Mrs. Evangeline Heartz, Populist of Arapahoe County, ca. 1915
Heartz, when asked about her name,
always answered that she “had been named by an act of the legislature”. This was true, and thanks to the help of my
dynamic Renaissance contact from Boulder, I am now in possession of the
details. It’s a charming story, and
rather inspiring, as it reminds us of the vibrancy of American democratic
ideals long since smothered by carpets of money. Around 1900 it was not merely possible but
unexceptional for a workingman to be a citizen-legislator in a western state
house. It was more exceptional, but
still possible, that one of his distinguished colleagues might be a woman not
yet enfranchised to vote in Federal elections.
This would describe the situation of my grandfather (Democrat, Chaffee
County) and Mrs. Evangeline Heartz (Democrat-Populist, Arapahoe County).
My source for the following is the House Journal of the Legislative Assembly of
the Territory of Colorado, for the session of March 7, 1902. (Colorado of course became a state in
1876—hence the Centennial State—but
the relevant documentary archive has this title.)

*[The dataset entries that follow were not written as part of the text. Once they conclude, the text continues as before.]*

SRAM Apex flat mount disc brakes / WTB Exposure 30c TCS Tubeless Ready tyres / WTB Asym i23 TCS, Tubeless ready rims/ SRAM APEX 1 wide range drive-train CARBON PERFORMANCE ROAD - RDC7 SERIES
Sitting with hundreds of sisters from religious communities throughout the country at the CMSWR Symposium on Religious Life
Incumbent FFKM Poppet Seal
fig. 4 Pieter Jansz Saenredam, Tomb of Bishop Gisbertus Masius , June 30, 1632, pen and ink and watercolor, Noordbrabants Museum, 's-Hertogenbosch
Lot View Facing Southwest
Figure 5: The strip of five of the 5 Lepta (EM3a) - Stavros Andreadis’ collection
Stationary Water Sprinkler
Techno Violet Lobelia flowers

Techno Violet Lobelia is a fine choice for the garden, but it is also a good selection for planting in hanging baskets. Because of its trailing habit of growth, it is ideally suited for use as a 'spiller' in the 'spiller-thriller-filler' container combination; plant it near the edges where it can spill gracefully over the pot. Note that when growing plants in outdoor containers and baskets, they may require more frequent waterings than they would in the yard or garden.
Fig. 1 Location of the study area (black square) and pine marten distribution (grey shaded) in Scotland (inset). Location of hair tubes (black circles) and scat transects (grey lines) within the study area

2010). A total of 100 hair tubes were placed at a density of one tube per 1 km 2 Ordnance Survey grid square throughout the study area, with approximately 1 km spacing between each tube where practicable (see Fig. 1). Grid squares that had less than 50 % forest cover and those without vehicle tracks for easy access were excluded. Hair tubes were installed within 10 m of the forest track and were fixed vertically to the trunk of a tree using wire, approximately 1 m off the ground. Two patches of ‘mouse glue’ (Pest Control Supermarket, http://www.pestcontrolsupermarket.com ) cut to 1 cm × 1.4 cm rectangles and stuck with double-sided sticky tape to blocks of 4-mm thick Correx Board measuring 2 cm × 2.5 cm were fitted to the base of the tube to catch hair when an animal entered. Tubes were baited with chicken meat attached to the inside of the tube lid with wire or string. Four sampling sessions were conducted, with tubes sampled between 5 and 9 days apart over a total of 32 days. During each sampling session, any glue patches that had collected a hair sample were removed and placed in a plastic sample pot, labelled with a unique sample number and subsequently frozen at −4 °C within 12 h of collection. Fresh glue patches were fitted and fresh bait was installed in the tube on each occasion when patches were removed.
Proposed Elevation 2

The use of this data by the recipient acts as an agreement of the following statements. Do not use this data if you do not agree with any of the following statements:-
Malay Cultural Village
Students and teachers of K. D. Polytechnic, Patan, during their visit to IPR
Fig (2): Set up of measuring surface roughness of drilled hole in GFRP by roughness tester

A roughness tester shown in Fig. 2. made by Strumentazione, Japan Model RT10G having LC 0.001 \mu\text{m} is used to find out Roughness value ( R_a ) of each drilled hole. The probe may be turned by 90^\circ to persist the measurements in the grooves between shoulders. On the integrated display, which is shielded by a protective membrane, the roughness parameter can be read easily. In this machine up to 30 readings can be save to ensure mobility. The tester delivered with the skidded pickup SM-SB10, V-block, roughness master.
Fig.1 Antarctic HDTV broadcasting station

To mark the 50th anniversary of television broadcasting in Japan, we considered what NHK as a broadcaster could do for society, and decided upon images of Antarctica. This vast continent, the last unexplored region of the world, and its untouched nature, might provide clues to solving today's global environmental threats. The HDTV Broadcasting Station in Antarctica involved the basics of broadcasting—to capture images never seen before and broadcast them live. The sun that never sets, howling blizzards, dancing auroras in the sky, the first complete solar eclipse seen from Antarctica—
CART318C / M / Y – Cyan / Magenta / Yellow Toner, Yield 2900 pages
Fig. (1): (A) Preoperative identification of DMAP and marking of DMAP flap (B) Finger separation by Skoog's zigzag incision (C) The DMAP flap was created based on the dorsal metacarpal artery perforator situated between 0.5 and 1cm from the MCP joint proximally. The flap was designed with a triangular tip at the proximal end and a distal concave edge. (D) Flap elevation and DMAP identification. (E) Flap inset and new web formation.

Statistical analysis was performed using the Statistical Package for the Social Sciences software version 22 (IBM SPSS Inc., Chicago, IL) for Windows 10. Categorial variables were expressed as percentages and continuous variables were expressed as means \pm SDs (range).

H.R. No. 13, by Mr. Burwell:
“Whereas, The wires announce the
arrival of a little princess at the home of our esteemed fellow member, James
A. Davidson, of Chaffee; be it
“Resolved, That we extend to our
fellow member, the mother and the child, the good wishes of the House of
Representatives of the Thirteenth General Assembly.
“May happiness light the life of
this little one as our almost cloudless Colorado sun does our beloved state.
“Resolved, That the clerk be
instructed to furnish the little one with a copy of these resolutions.”
The resolution was adopted.
It was further moved and seconded
that the little one be named Evangeline Heartz Davidson
The motion prevailed.
The House adjourned.
A wonderful bit of true family
lore, but before I wax too euphoric about the egalitarian spirit of the old
republic, I do note that these same documentary records clearly show that on
the day of my Aunt’s birth in Salida my grandfather was present and voting in
the State House in Denver. The easier
part of childbirth is probably the handing out of the cigars.